Working with JSON LD can be a bit painful. I am a bit hesitant to force this on all JLab extensions wanting to work with metadata. Any libraries to make this less painful?

I have seen the schema-dts library which lets you generate TypeScript types for different Schema.org types. We are pushing the boundaries here, so we would probably end up having to create any tools we need. It doesn't seem that hard to create JSON LD, like this example:

{
  "@context": "http://schema.org/",
  "name": "Jane Doe",
  "jobTitle": "Professor",
  "telephone": "(425) 123-4567",
  "url": "http://www.janedoe.com"
}

There is also the standard jsonld.js library which lets you translate between different forms of JSON LD.

I am not quite clear on how you are envisioning the backend(s) for this working. Can you talk more about that. I would be hesitant to have multiple different metadata backends

Sure. This is the interface I am thinking about:

type LinkedData = {
    '@id': string,
    [prop: string] : any
}

interface IMetadataProvider {
    // Maybe this method is not required
    listResources(): Promise<Array<URL>>;

    getResource(resource: URL): Promise<LinkedData>;
    updateResource(data: LinkedData): Promise<void>;
}

Multiple providers would be useful if you already have your metadata stored somewhere, and don't wanna replicate it into a local GraphQL database. Instead, you can access your existing store however you like client side and as long as you can query it about resources. It also provides an abstraction layer over graphql, so if we wanna move metadata storage into the real time data store, we can do this by implementing a new provider, without changing the metadata extension.

xmnlab commented 5 years ago

there is an implementation of graphql server using json-ld concept: https://www.hypergraphql.org/ ... not sure yet if it could be helpful.

xmnlab commented 5 years ago

about graphql layer, one thing that we need to keep in mind is it is strong typed ... so work with generic structure doesn't work very well ... so that is why I am investigating graphql-schema-org.

acu192 commented 5 years ago

As @xmnlab mentions, with GraphQL's typed schema, you can't extend the schema at run-time. I.e. If we wanted RDF's notion of "say anything about anything", then we'd need to look elsewhere for a solution. (Right?)

So, maybe we should step back and say: "How extendable do we actually want this metadata service to be?"

The way I see it we have a few options:

  1. Extendable only by modifying to code.
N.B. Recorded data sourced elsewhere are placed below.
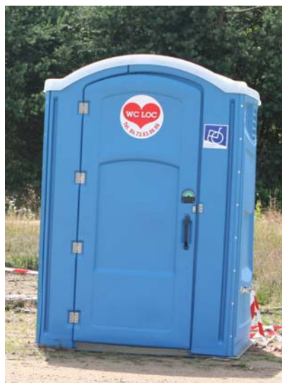
Après les PC loc, les WC loc !
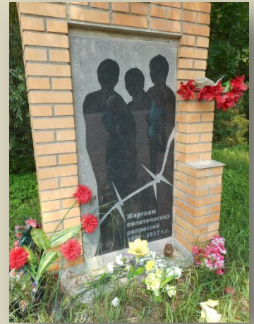
Памятник жертвам политических репрессий

Встреча прошла в атмосфере доброжелательности, понимании этого вопроса.
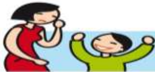
Rit de façon inappropriée
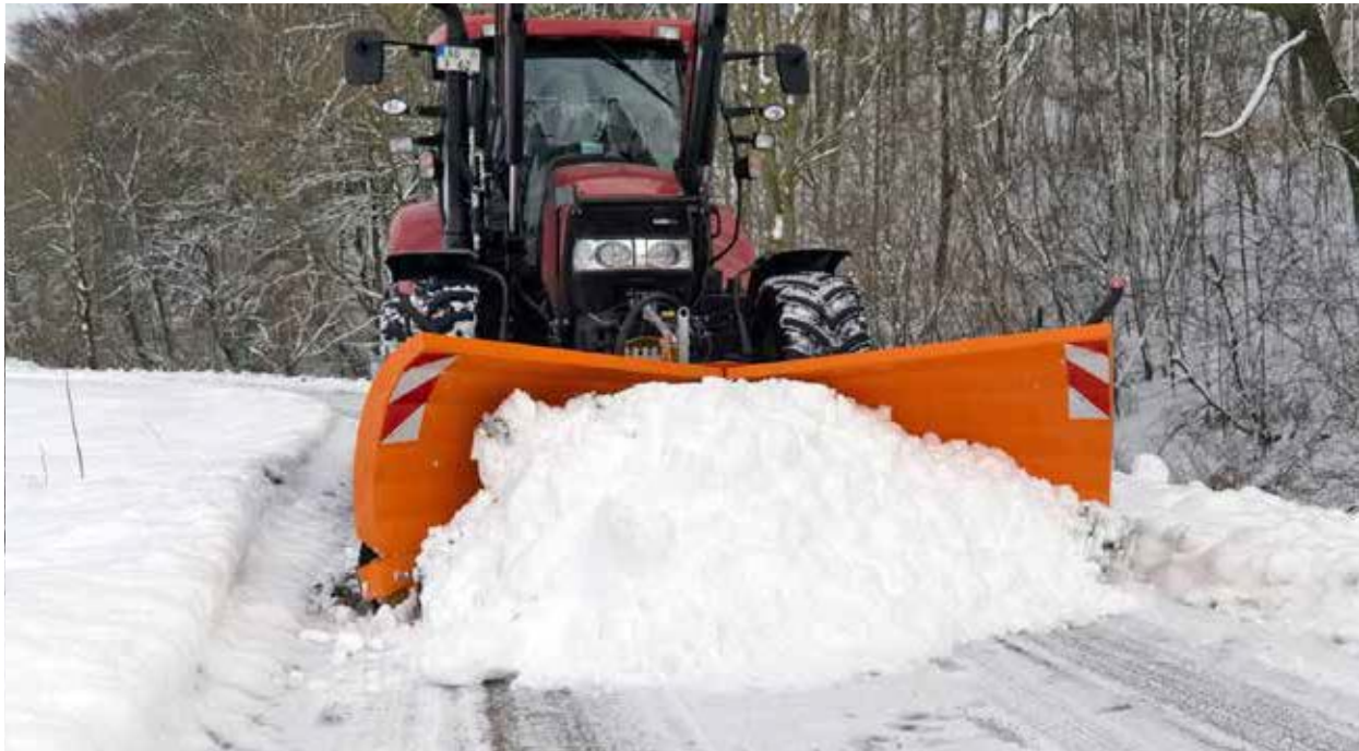
2 hydraulisch schwenkbare Flügel - diese lassen sich separat steuern, sodass individuelle Winkel-, Pflug- oder V-Stellungen gewählt werden können.

Schneeräumen ist ein wichtiger Job für landwirtschaftliche Schlepper während der Wintersaison. Das Fliegl Agro-Center liefert dafür mittlere Schneepflüge in vier Breiten: 2,3 m, 2,7 m, 3,0 m und 3,3 Meter - jeweils mit serienmäßiger Dreipunktaufnahme. Das Schneeschild »Mammut« arbeitet leise, dank seiner extra robusten Polyurethan-Verschleißleiste.
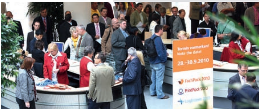
Die Nürnberger Messe rechnet wie im Vorjahr mit etwa 33.000 Besuchern.

Fördersysteme, Lager- und Kommissioniersysteme, Verladesysteme, Lade-, Transport- und Lagerhilfsmittel, Steuerungssysteme und Software für den Materialfluss, Identifikations-, Codier- und Warensicherungssysteme, Dienstleistungen für innerbetriebliche Logistik
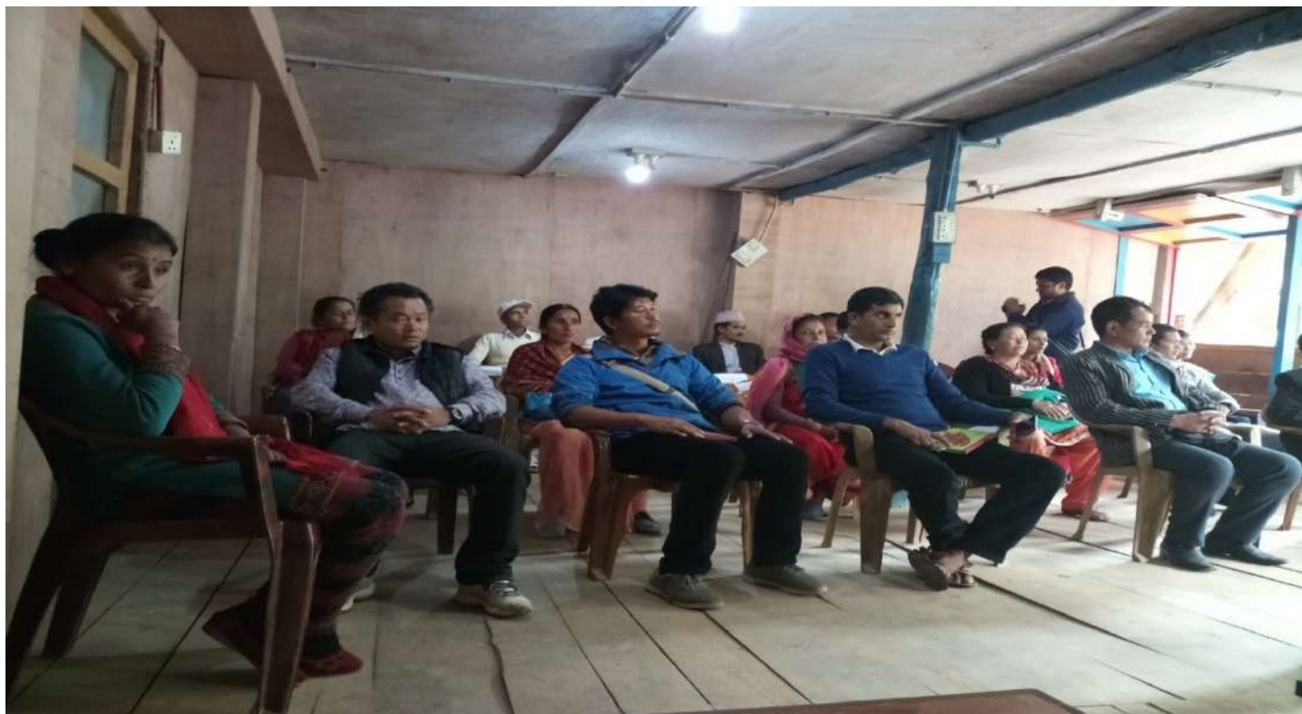
चित्र १ — सम्मानित गाउँसभाका सदस्य ज्यूहरू

अनुसुची: १३ - नीति, कार्यक्रम तथा वजेट सार्वजनिकीकरण समारोहका केही तस्वीरहरू
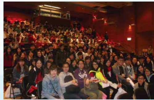
長者社區服務計劃活動中,同學正準備出發為旺角區內獨居長者進行家居清潔。

假如你有志升學,本地大學提供逾 30 個相關的學士學位課程供你選擇,例如香港大學社會科學學士學位課程及香港中文大學教育學士(通識教育)學位課程。

I.e. "You want to extend it? Send in a PR to this repo."
  2. Extendable by pip install my_super_jupyter_metadata_schema and restart JupyterLab. This is analogous to @bollwyvl's PR he posted above (albeit he is using Graphine instead of Apollo). Within this option are two sub-options: (1) the ability to extend only by adding a new top-level schema, and/or (2) the ability to extend any existing type or add types to an existing schema.
  3. Extendable at run-time. I.e. Pure RDF (as I understand RDF...). The idea here is at runtime, as a user, you could say "You know, my files really need a favorite color." So you go edit each file's metadata to add a property named favorite_color, and that persists and is visible to everyone else as well.

Option 1 is obviously not what we want.

Option 2 is interesting... if we choose this option, there are of course many more questions to answer, but GraphQL could do this as @bollwyvl has already shown (via python-graphine).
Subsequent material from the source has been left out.